What would you highlight from your formative years in Catalonia?

In the sixties I experienced a broader vision of a different kind of Spain, which was Catalonia. Those were very important formative years. I remember very well the classes in the central building of the University of Barcelona. and specifically the famous professor Teixidó, who had great prestige. But his course was a “brick,” as people used to say. He taught a very modern from of mathematics that was difficult to understand.

How did you get to know Vic?

It all started at the Monterols university residence, where I met many people from different parts of Catalonia and Spain. At that time it was a formation center only for young people of Opus Dei. Now it is open to all types of students. From Monterols I had the opportunity to go several times to Vic to help out in the apostolic work that was beginning to develop there. This was between 1964 and 1967. I realized how important Vic was in Catalonia and I came to understand Catalan without any problems. Then came the militias in the Talarn camp: two summers of three months and an internship as an ensign of four months also there, in the camp.
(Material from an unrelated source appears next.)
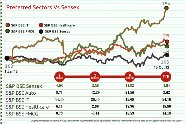 Varun Goel of Karvy adds telecom and private sector bank stocks to the list. "We are positive on pharmaceuticals, IT, FMCG and telecom sectors. We believe these will show good earnings growth. Selectively, even auto companies and private sector banks have begun to turn attractive," he says.

St. Josemaría said in Rome in 1971: “Barcelona will produce a lot of fruit because it has suffered a lot,” alluding to the turbulent 1940s marked by misunderstandings about the Work. Could Montse Grases, the young Barcelona-born member of the Work who died of cancer at the age of 17, become the first woman canonized in Opus Dei?

Montse Grases was proclaimed Venerable in 2016. In order to be beatified, the extraordinary character of a favor obtained through her intercession needs to be demonstrated. The office of postulation and the website of the Work receive many stories of favors connected with people’s daily life and plans. Devotion to her is more widespread among young people. I remember that in 2022, on the 80th anniversary of her birth, a group of young people brought 80 white roses to her tomb, in the crypt of the oratory of Santa Maria de Bonaigua, in Barcelona, to thank her for favors received through her intercession. Some interesting cases are being studied, but we are still in the early stages of collecting documentation.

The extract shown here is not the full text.